In some embodiments, a buffer zone (not shown) may also be included between the backing film 207 and the support structure 208, wherein the buffer zone is configured to absorb shock and cushion. Wherein the material of the buffer zone can be foam and/or copper foil. In some embodiments, the buffer material may include graphite to improve the heat dissipation of the display module. In some embodiments, a support member may be further included between the backing film 207 and the support structure 208, wherein the support member may be at least one of sus (steel Use stainless) steel sheet (e.g., 30um thick), copper sheet, or aluminum sheet. In some embodiments, the support member may also be an alloy material. The supporting component has higher elastic modulus, can play a supporting role, and reduces the crease problem caused by bending.

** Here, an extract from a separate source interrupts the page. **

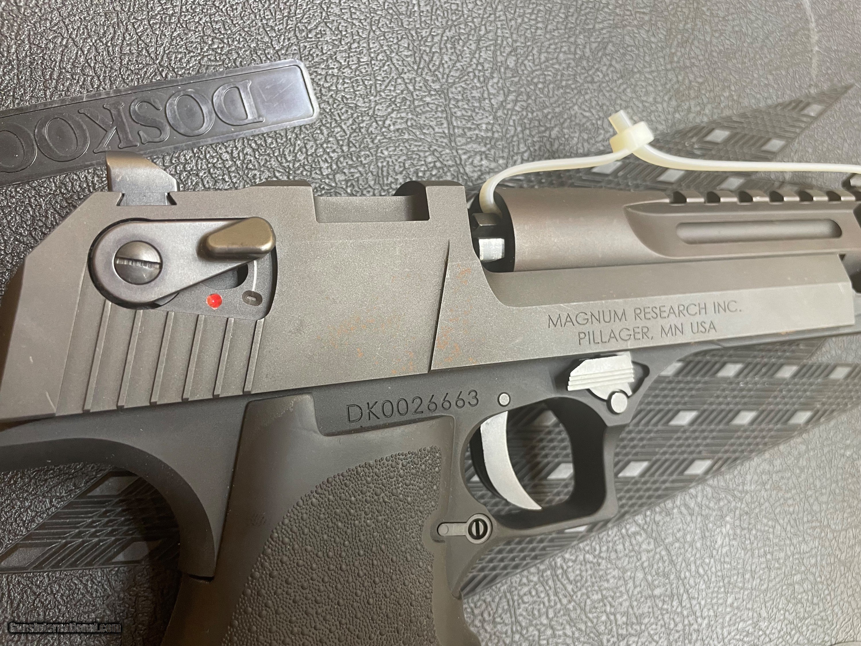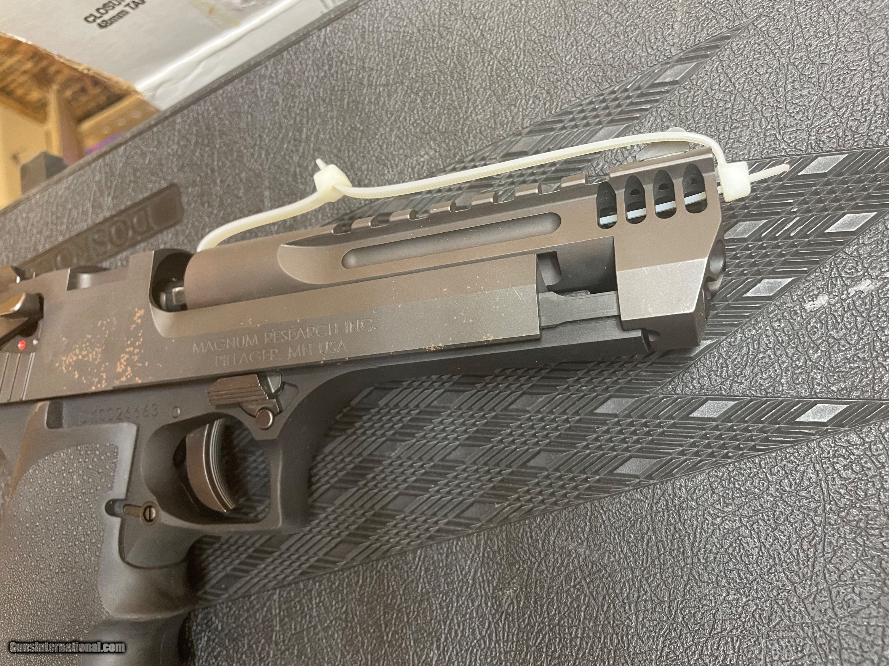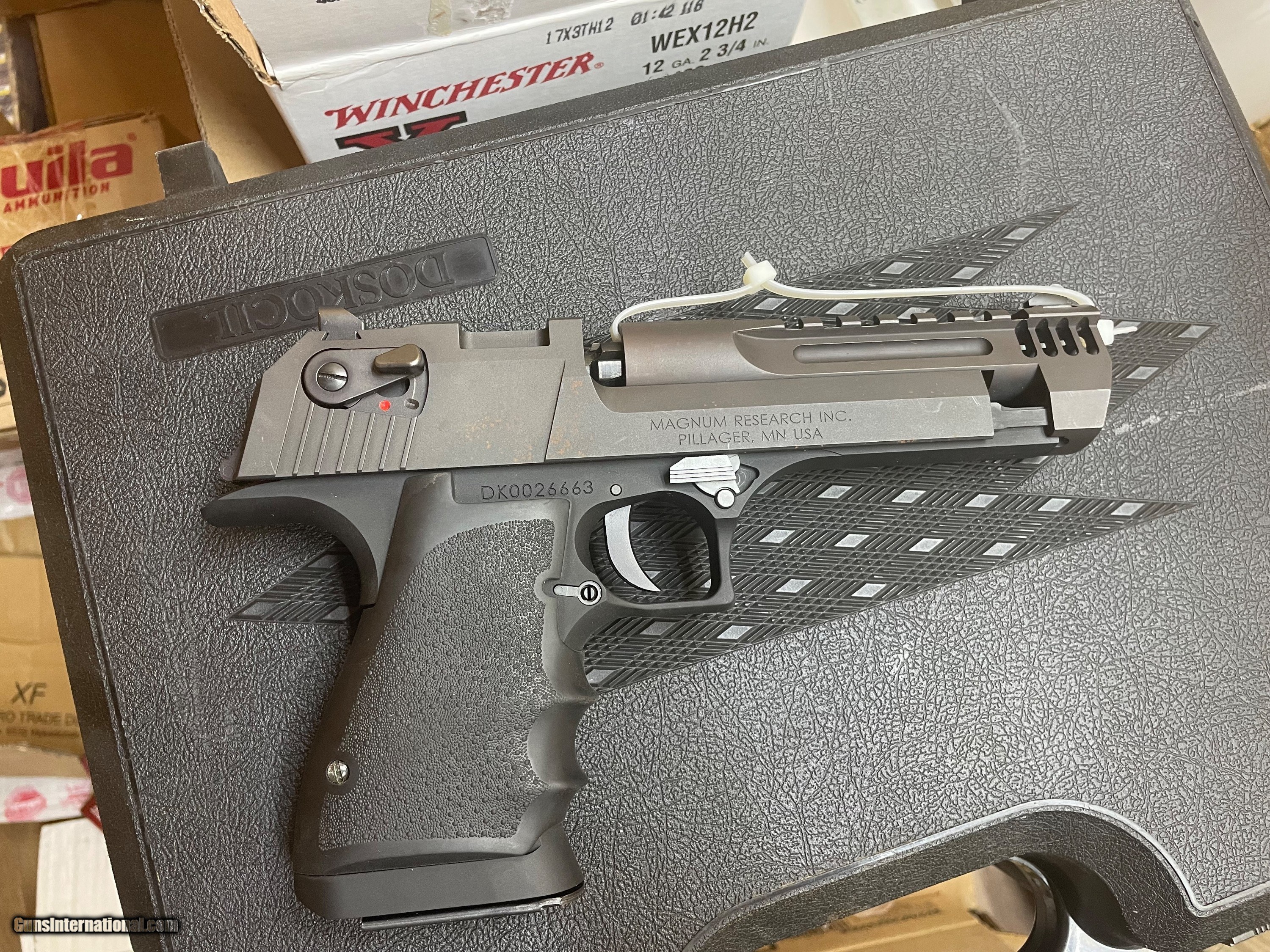 Description: Very nice 357 mag desert eagle by magnum research. It is ported. Only one mag. No box. Shipping is $75 extra. SOLD Handgun Caliber: .357 Magnum Manufacturer: Magnum research Model: Desert eagle Condition: Very good Metal Condition: Very good Bore Condition: Very good |

In some embodiments, including a metal support assembly between the backing film 207 and the support structure 208, the sixth adhesive layer a6 may be an epoxy adhesive or a hot melt adhesive film. Because metal bearing structure 208 is metal construction with metal support component (for example, the SUS steel sheet), consequently the sixth pastes the layer and adopts epoxy glue or hot melt adhesive membrane, can paste more firmly, can avoid collapsible fifth to paste the cross striation problem that the layer leads to in metal fretwork district simultaneously, makes display module group keep leveling.

In some embodiments, for better heat dissipation. A heat dissipation layer (not shown) may be further included between the back film 207 and the support structure 208, wherein the heat dissipation layer is adhered to the back film 207 through any one of the first adhesive layer a1, the second adhesive layer a2, the third adhesive layer A3, the fourth adhesive layer, the fifth adhesive layer, and the sixth adhesive layer. In some embodiments, the heat spreading layer material may be graphene. In some embodiments, to protect the heat sink material, a protective layer may be placed under the heat sink layer, wherein the material of the protective layer may be PET.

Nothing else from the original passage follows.